Below are entries; repeat exactly, and nothing else, the lines from the one holding "Vrijwel tegen Leerdam" through the one holding "A modern air", inclusive. Leave the pictures out.

======== Data section

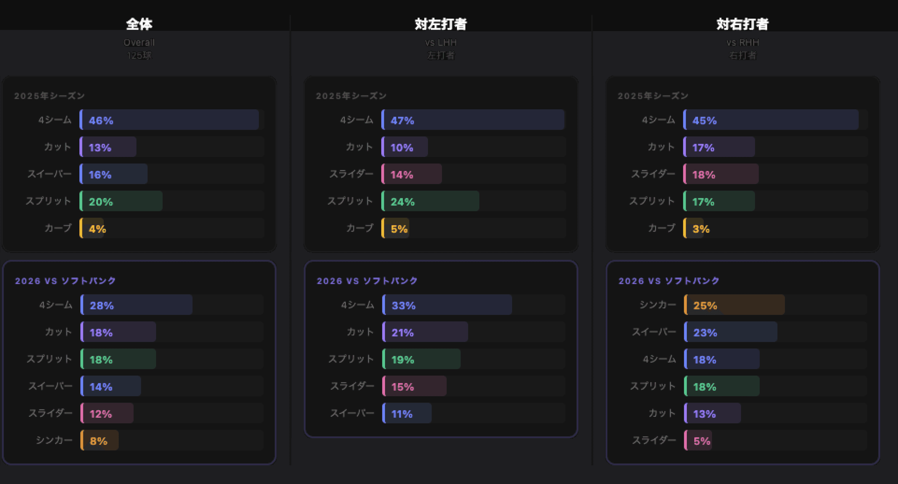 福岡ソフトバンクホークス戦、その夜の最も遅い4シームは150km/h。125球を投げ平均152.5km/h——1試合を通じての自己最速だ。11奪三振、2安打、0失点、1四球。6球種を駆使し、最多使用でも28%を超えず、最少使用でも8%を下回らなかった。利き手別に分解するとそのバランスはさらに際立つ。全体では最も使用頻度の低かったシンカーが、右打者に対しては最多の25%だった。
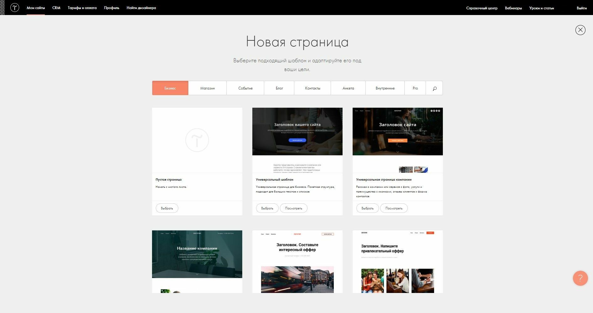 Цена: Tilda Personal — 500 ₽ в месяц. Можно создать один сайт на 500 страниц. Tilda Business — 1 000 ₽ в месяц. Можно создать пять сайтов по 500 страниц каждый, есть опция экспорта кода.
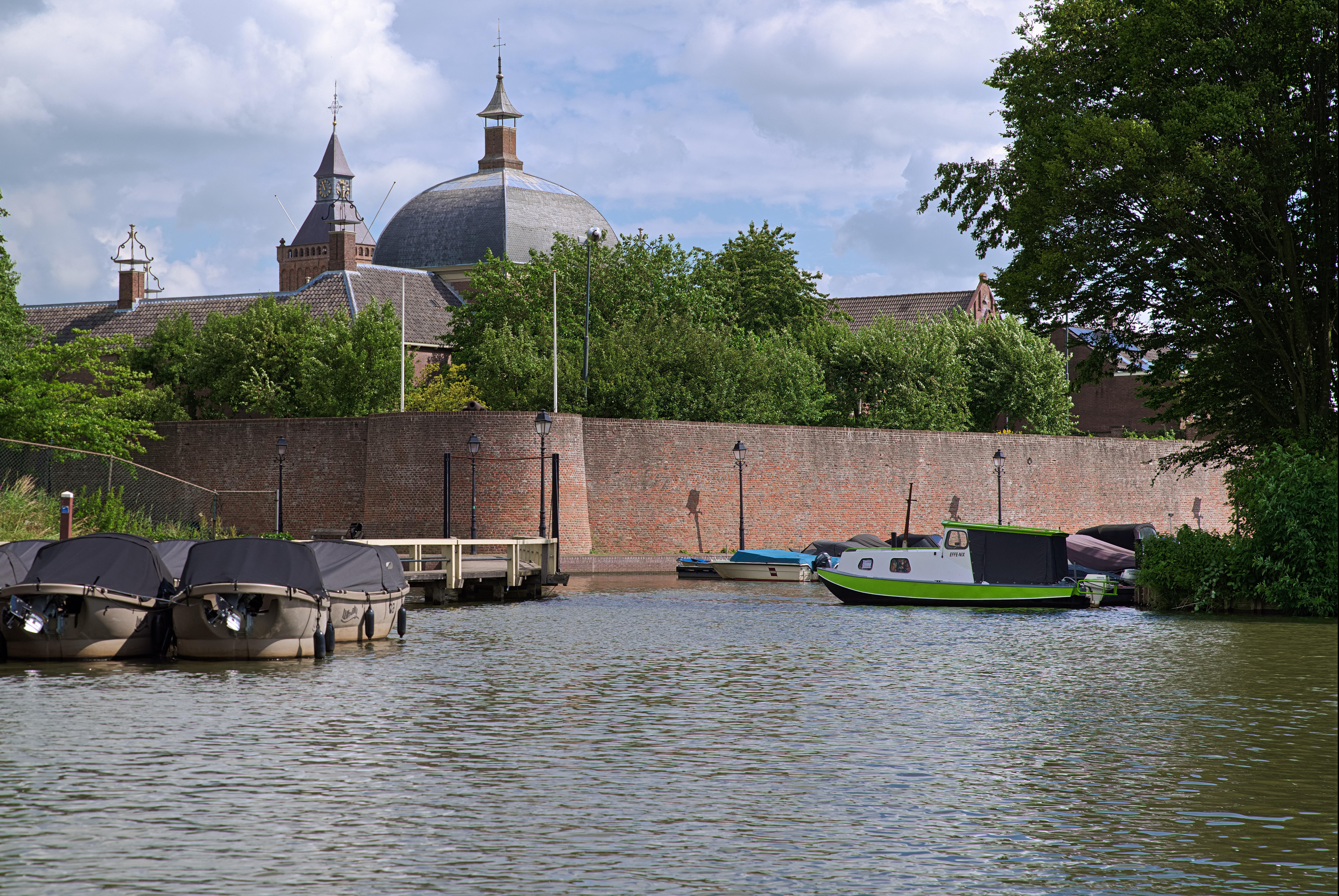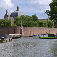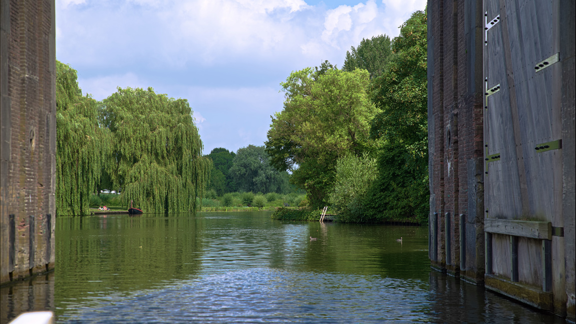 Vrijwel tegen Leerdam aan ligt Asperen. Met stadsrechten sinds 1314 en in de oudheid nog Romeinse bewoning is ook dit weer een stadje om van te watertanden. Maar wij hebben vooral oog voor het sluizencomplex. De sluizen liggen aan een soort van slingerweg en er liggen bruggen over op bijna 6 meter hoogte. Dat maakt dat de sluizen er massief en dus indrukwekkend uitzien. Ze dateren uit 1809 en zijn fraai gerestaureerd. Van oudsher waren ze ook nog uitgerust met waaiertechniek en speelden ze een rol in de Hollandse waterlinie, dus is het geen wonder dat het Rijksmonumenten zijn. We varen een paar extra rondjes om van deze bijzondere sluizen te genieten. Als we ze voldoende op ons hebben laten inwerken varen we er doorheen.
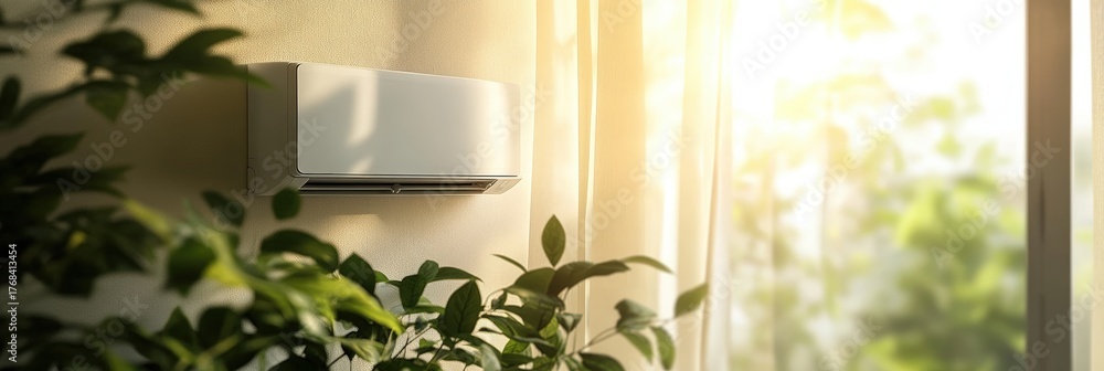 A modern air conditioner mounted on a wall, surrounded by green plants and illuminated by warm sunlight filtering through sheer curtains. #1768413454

================
======== Data section

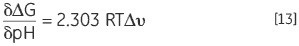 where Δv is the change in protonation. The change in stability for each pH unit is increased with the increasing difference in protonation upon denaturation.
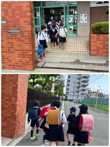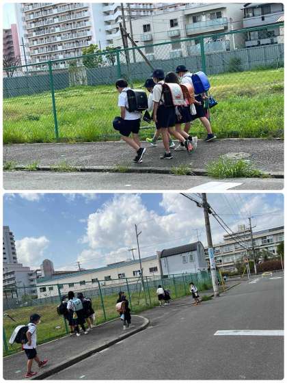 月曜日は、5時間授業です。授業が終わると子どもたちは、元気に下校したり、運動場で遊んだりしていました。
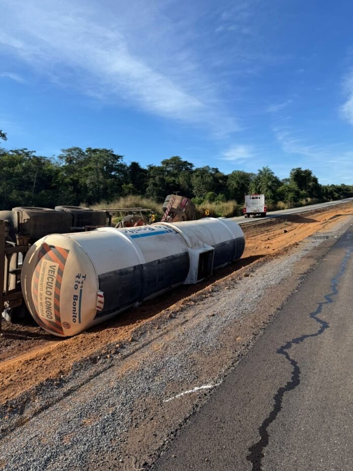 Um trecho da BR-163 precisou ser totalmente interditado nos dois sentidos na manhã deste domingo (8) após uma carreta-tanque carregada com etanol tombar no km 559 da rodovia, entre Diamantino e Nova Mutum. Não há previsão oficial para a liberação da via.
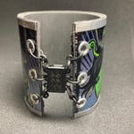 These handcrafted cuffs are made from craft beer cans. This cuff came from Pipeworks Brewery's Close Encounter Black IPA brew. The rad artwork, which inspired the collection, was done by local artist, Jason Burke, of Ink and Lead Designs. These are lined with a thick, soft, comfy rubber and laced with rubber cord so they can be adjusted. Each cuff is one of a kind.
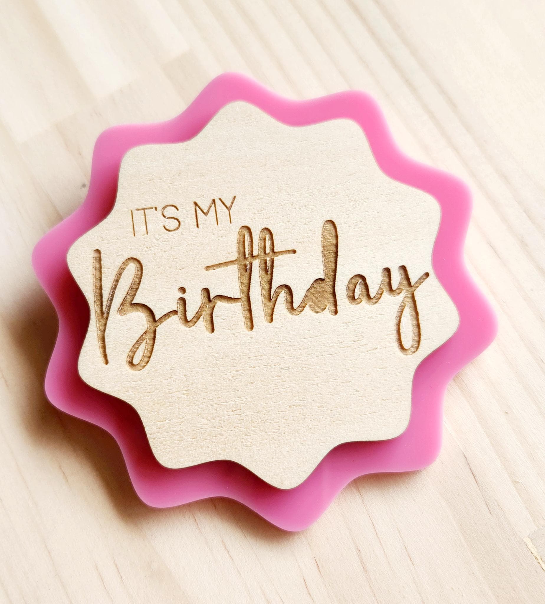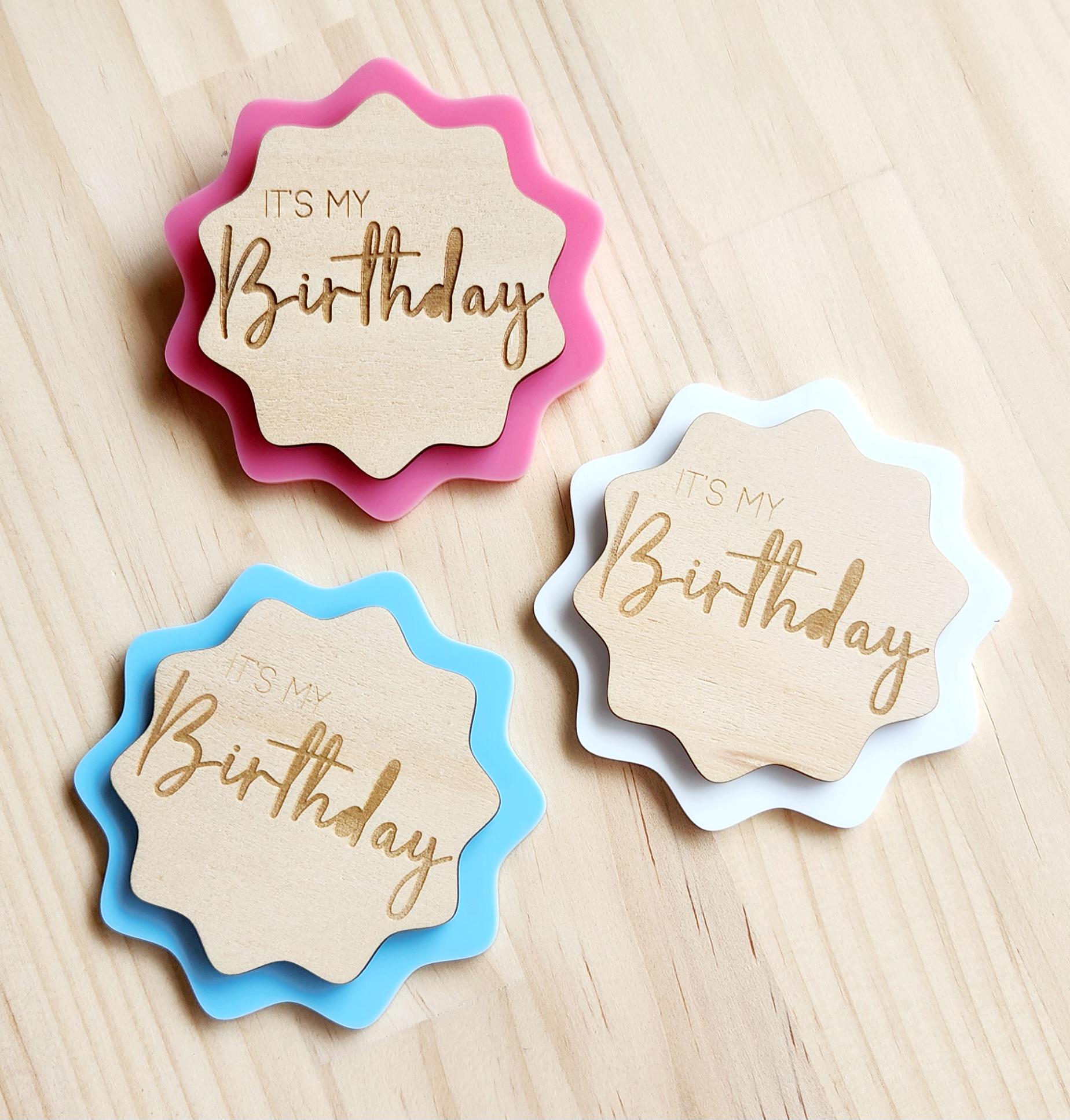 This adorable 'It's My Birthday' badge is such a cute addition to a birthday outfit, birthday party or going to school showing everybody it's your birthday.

================

* Written answer
 Vrijwel tegen Leerdam aan ligt Asperen. Met stadsrechten sinds 1314 en in de oudheid nog Romeinse bewoning is ook dit weer een stadje om van te watertanden. Maar wij hebben vooral oog voor het sluizencomplex. De sluizen liggen aan een soort van slingerweg en er liggen bruggen over op bijna 6 meter hoogte. Dat maakt dat de sluizen er massief en dus indrukwekkend uitzien. Ze dateren uit 1809 en zijn fraai gerestaureerd. Van oudsher waren ze ook nog uitgerust met waaiertechniek en speelden ze een rol in de Hollandse waterlinie, dus is het geen wonder dat het Rijksmonumenten zijn. We varen een paar extra rondjes om van deze bijzondere sluizen te genieten. Als we ze voldoende op ons hebben laten inwerken varen we er doorheen.
 A modern air conditioner mounted on a wall, surrounded by green plants and illuminated by warm sunlight filtering through sheer curtains. #1768413454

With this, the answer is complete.